Paleo Chicken Parmesan with Zucchini Noodles

Paleo Chicken Parmesan with Zucchini Noodles

Forget everything you thought you knew about comfort food. We’ve taken chicken parmesan, kicked out the bird, and replaced it with plant-based brilliance. And yes, the noodles are zucchini, because carbs decided to be dramatic. This dish hits all the nostalgic Italian notes without the dairy, gluten, or guilt. The “cheese” melts, the sauce simmers, and the veggie magic holds it all together like your best shapewear.
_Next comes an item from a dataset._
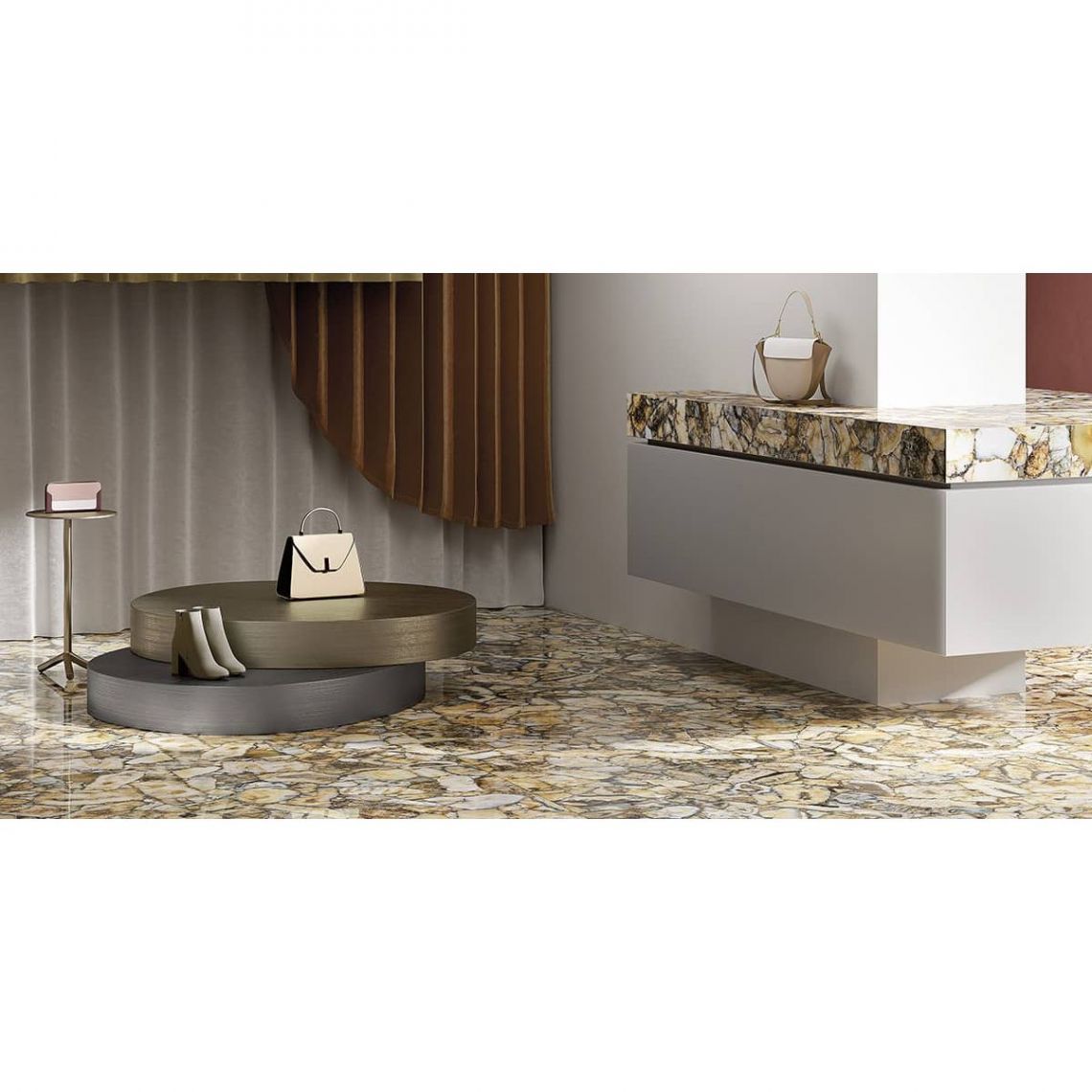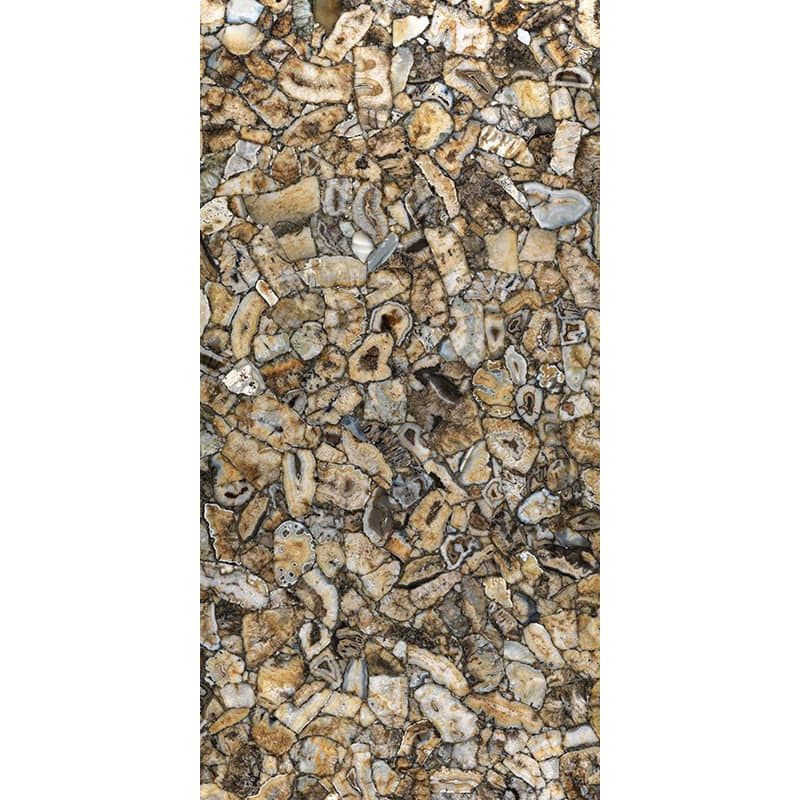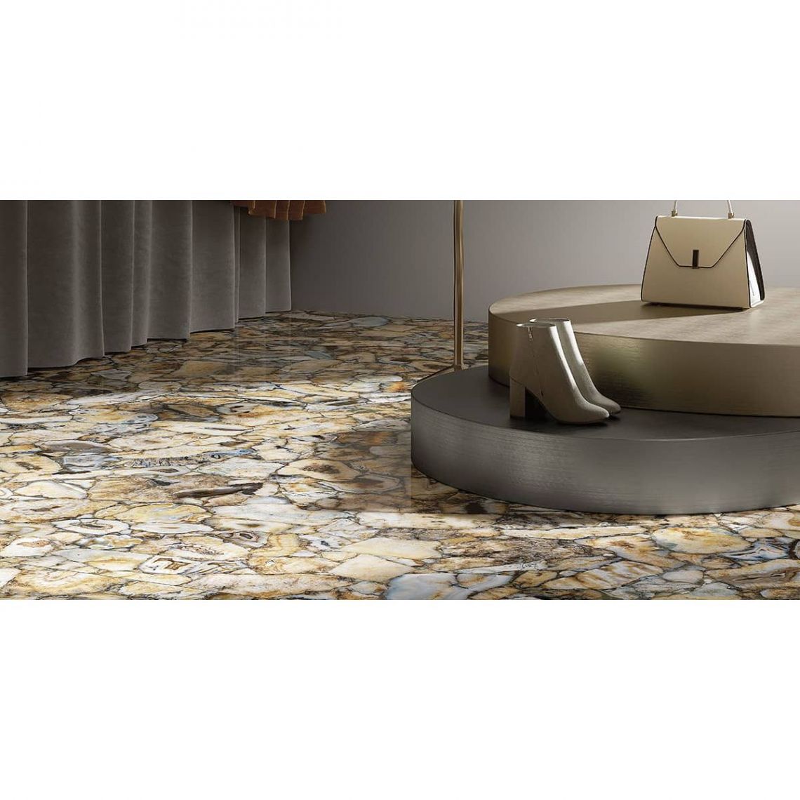 Неправильні і концентричні форми, багаті контрастом і відтінками, дають плитці відчуття глибини і відтворюють напівпрозорий ефект, характерний для агату.
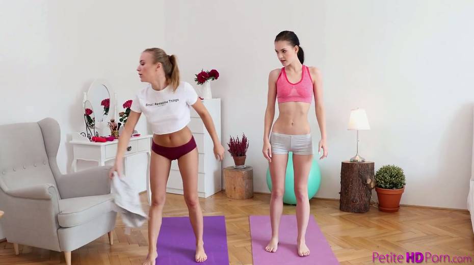 Brunette Anie Darling is licking tasty looking pussy after a hot yoga workout

It’s Paleo, dairy-free, and 100% ready for your next girls’ night in. Bonus: your body won’t hate you tomorrow.

Paleo Chicken Parmesan with Zucchini Noodles

Paleo Chicken Parmesan with Zucchini Noodles

Emily Carter
This vegan Paleo chicken parmesan swaps the meat for plant-based protein and the pasta for spiralized zucchini, delivering cozy Italian vibes with clean ingredients.
Prep Time 20 minutes
Cook Time 25 minutes
Total Time 45 minutes
Servings 4 servings
Calories 220 kcal

Ingredients
  

  • 4 zucchini spiralized
  • 1 tablespoon olive oil
  • 1 cup plant-based chicken strips
  • 1 cup Paleo marinara sauce
  • 1/3 cup vegan cheese almond or cashew-based
  • 1/2 cup almond flour
  • 1 tablespoon ground flaxseed + 3 tablespoons water egg replacer
  • 1/2 teaspoon garlic powder
  • 1/2 teaspoon oregano
  • Salt and pepper to taste
  • Fresh basil for garnish

Instructions
 

  • Preheat oven to 375°F. Grease a baking dish lightly with olive oil.
  • Mix flaxseed with water and let it sit for 5 minutes.
  • Coat plant-based chicken in almond flour, garlic powder, oregano, salt, and flax mixture.
  • Heat a frying pan over medium heat and cook coated protein strips for 3–4 minutes per side until crispy.
  • Spread half the marinara sauce in the baking dish, lay crispy strips on top.
  • Pour remaining sauce over the strips, then sprinkle with vegan cheese.
  • Bake uncovered for 20 minutes, or until bubbly and golden.
  • Meanwhile, sauté spiralized zucchini in olive oil for 3–5 minutes until just tender.
  • Serve cheesy goodness over the zoodles.
  • Garnish with basil and serve it like the culinary diva you are.

Notes

📊 Nutritional Values (per serving)

  • Calories: 220
  • Total Fat: 11g
  • Saturated Fat: 2g
  • Carbohydrates: 14g
  • Fiber: 5g
  • Protein: 12g

💪 Vitamins & Minerals (per serving)

  • Vitamin A: 18%
  • Iron: 15%
  • Vitamin C: 20%
  • Calcium: 12%
  • Vitamin K: 22%

💁‍♀️ Tips to Boost the Flavor

  • Add crushed red pepper to the marinara if you’re feeling fiery.
  • Use a garlic-infused oil for the zucchini to bring extra drama.
  • Sprinkle nutritional yeast for a deeper cheesy hit.
  • Add olives or sun-dried tomatoes if you like a little sass in your sauce.
  • Serve with a side salad for bonus glow-up greens.
Eat it hot, eat it proud — who says plant-based can’t be full-on fabulous?